Liberovici et Sanguineti, 1998b : 7

La mosaïque in progress des applications du son à la création théâtrale au sens large, dans son acception liberovico-sanguinetienne, s’est interrompue après une quinzaine d’essais. Cette aventure a traversé les genres proches du concert théâtralisé (Rap, Sonetto), du théâtre musical électroacoustique (Macbeth Remix) ou radiophonique (Electronic Frankenstein, Intégral), de l’exposition acoustique (portraits sonores des Ritratti acustici), du théâtre classique travesti par l’électro (Sei personaggi.com[23], I quaderni di Serafino Gubbio operatore, Urfaust), du soap opera (Candido : soap opera musical[24]), de l’oratorio aléatoire pour acousmonium et voix (64), du clip vidéo et du court métrage musical (From Ivry, L’ultimo viaggio di Cunégonde en Irak, Cinquecentomila leoni). Le décès de Sanguineti en 2010 a certainement influé sur la conclusion d’une première phase de travail de la compagnie tant l’écriture du poète et l’imagination sonore, musicale et scénique du metteur en scène étaient associées. Aujourd’hui, Liberovici continue ses explorations scéniques et sonores multiples en collaborant au sein de divers projets théâtraux, musicaux et vidéo –, notamment en collaboration avec le Nouvel ensemble moderne de Montréal.

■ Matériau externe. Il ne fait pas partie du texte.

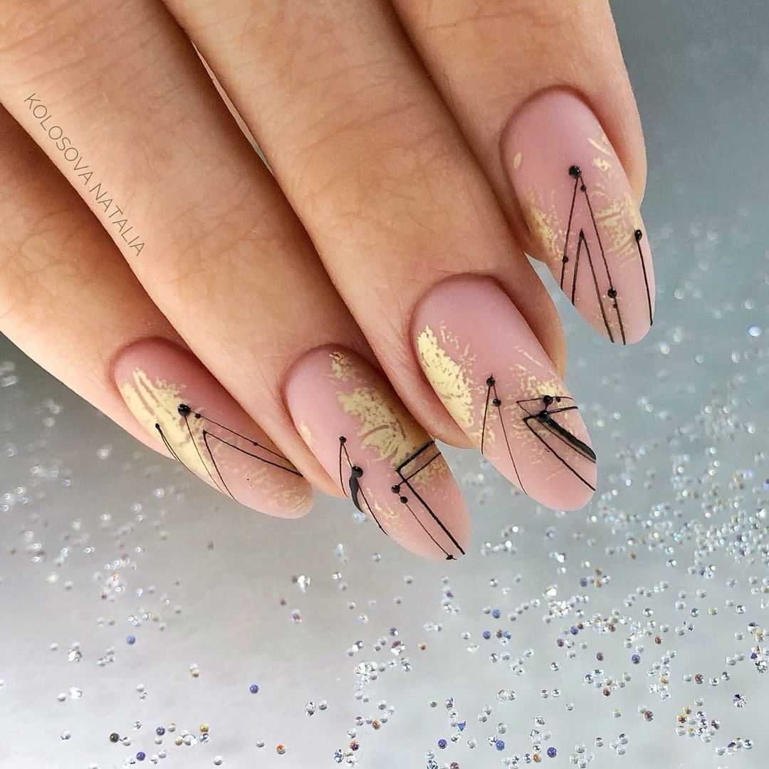 - бежевый маникюр с золотом и черным – одно из самых эффектных решений. Два ярких цвета наносятся на мягкий сдержанный фон и смотрятся поистине непревзойденно;

À travers ce bref parcours jonché de lettres – aucunement mortifiées, sonorement alphabétisées –, centré sur l’essence même de l’intuition créatrice du Teatro del Suono, nous avons pu donner un aperçu des intentions générales de ce groupe. Comme en hommage à la Smorfia napoletana, dont l’ordre alphabétique ne constitue qu’une structure apparente, les aspirations du Teatro del Suono cachaient / cachent en réalité une volonté de tendre vers la spontanéité dans laquelle toutes sortes de signes / sens renvoient de façon anarchique à de mystérieux chiffres / sons qui se veulent tour à tour porteurs de chance et symboles d’un narquois destin. Le masque, à la fois rieur et grimaçant, n’est-il pas d’ailleurs le symbole du théâtre par excellence, d’une part, et du double, de l’autre, cette intuition d’une réalité impalpable et fugitive comme l’est ce son qui voulait / voudrait détrôner / seconder le roi de la scène : le tangible mot souverain? Le Teatro del Suono a su aborder, voire approfondir, certaines questions liées aux relations entre son, texte et musique. Par l’aléatoire et le musical, Liberovici et Sanguineti ont contribué à la recherche de modalités d’exploitation de l’inconscient et d’une force émotionnelle cachée, en des termes théâtraux guidés par le filtre sonore au sens large, contribuant ainsi à la (re)découverte d’une possible et nouvelle catharsis.